Regulatory Landscape
The announcement is engineered to live inside existing fund and securities constraints: a regulated manager running a fund, with tokenization functioning as a share-record + transferability + eligibility layer. That’s directionally aligned with where regulators have been most permissive: tokenization as a new form factor for familiar products, not a new product class.
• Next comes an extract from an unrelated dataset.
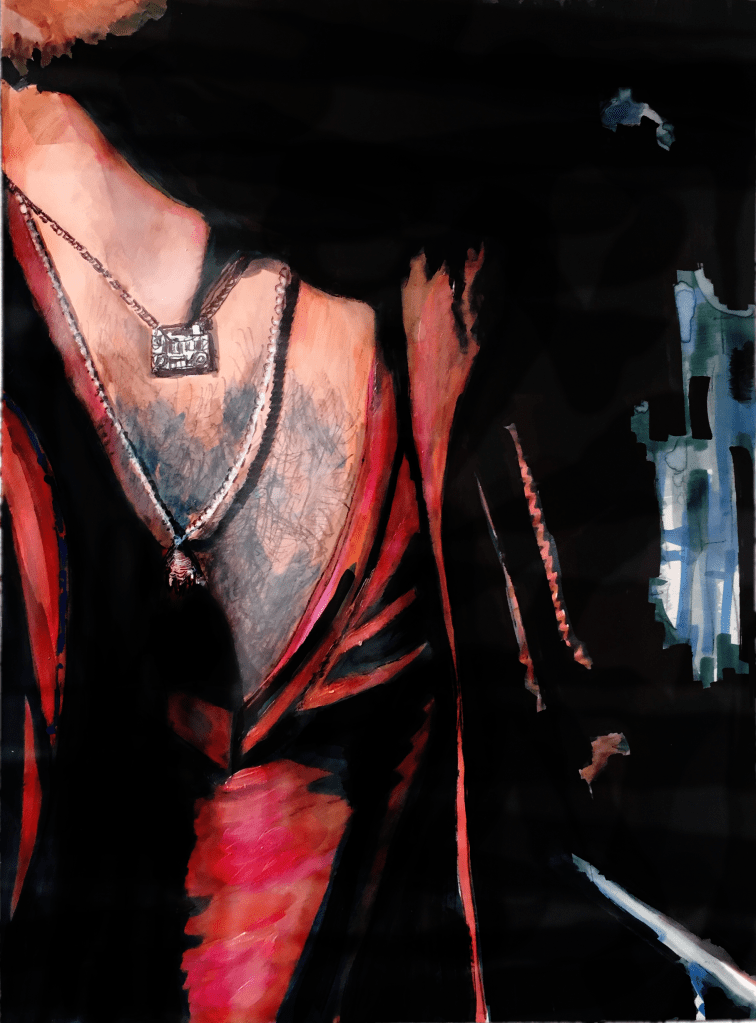 The top painting, which goes with “Who Made You”, shows only a man’s chest. I wanted it to look sensual, though behind the façade of desirability, the sitter is also just a man, flesh and blood. I had the portraits by John Singer Sargent on my mind when I did this one.

The open question is still the same for every tokenized fund share: whether major distribution channels will treat these as operationally equivalent to traditional fund interests—especially around custody qualification, broker-dealer handling of restricted digital securities, and auditability of the shareholder registry. Expect “tokenized fund” growth to track the pace of explicit guidance on custody and transfer agent responsibilities for on-chain registers—not speeches, but exam-ready rules and no-action comfort.
Key Data
- $267M: size of the tokenized carry fund Bitwise is taking over (CoinDesk).
- >$30B: estimated global on-chain RWA market size cited in coverage, with >$15B in tokenized U.S. Treasuries alone (via RWAxyz, as referenced in The Defiant / Markets Media).
- FundOS: Superstate’s platform remains the operating layer post-transition (Bitwise).
- External issuance signal: FundOS is now described as powering funds beyond Superstate’s in-house lineup, i.e., aiming for a multi-manager platform posture (referenced in The Defiant).
What’s Next
Watch for two immediate catalysts: (1) whether Bitwise can expand the fund’s approved investor and distribution footprint (new onramps, broker/custody support, secondary transfer venues if permitted), and (2) whether FundOS announces additional third-party managers or launches that prove it can be a repeatable issuance/admin rail rather than a single-product stack. If those land, the next constraint won’t be “who can tokenize,” but who can clear operational due diligence across custody, reporting, and settlement so allocators can treat tokenized fund shares as first-class portfolio instruments.